Dia mengungkapkan, paket sembako itu terdiri dari 2,5 kilogram beras, 1 kilogram gula, 1 liter minyak goreng dan 5 mi instan, harga normalnya Rp 60 ribu. Namun di pasar murah itu dijual hanya Rp 20 ribu, dengan menyertakan kupon sembako yang telah dibagi sebelumnya melalui desa masing-masing. “Satu KK (kepala keluarga)  hanya boleh membeli satu paket saja,” tukasnya.

Selain paket sembako, ujar dia, pihaknya menyediakan penjualan sembako eceran dengan harga dibawah HET (harga eceran tertinggi) bagi yang ingin menambah barang.

BERDESAKAN : Warga Blora berdesakan saat membeli sembako murah di pasar murah Blok T rabu (7/6).
(M. Mahfudz Muntaha/Jawa Pos Radar Blora)
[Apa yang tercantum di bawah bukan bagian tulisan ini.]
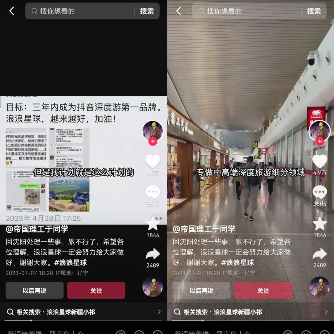 在他的计划中,公司先主打0购物,再慢慢提升服务标准,三年内做成抖音第一深度游。但小祁的出现极大地提高了公司知名度。于同学也趁势推出更多的“小祁”,目前粉丝量较高的有@浪浪星球旅行-于宁、@浪浪星球小袁,从他们的主页中,不时可以翻出小祁的“周边”视频。

Selain di Blora, menurut Maskur pelaksanaan pasar murah juga dilakukan di setiap kecamatan. “Di setiap kecamatan anggarannya Rp 20 juta,” ungkapnya.

Bupati Blora Djoko Nugroho saat menghadiri pasar murah itu mengatakan, sembako itu diberikan agar bisa digunakan sebagai tambahan memenuhi kebutuhan saat Lebaran nanti.  “Ampun didol nggih Bu, Mbah (Jangan dijual ya Bu, Mbah),” tuturnya.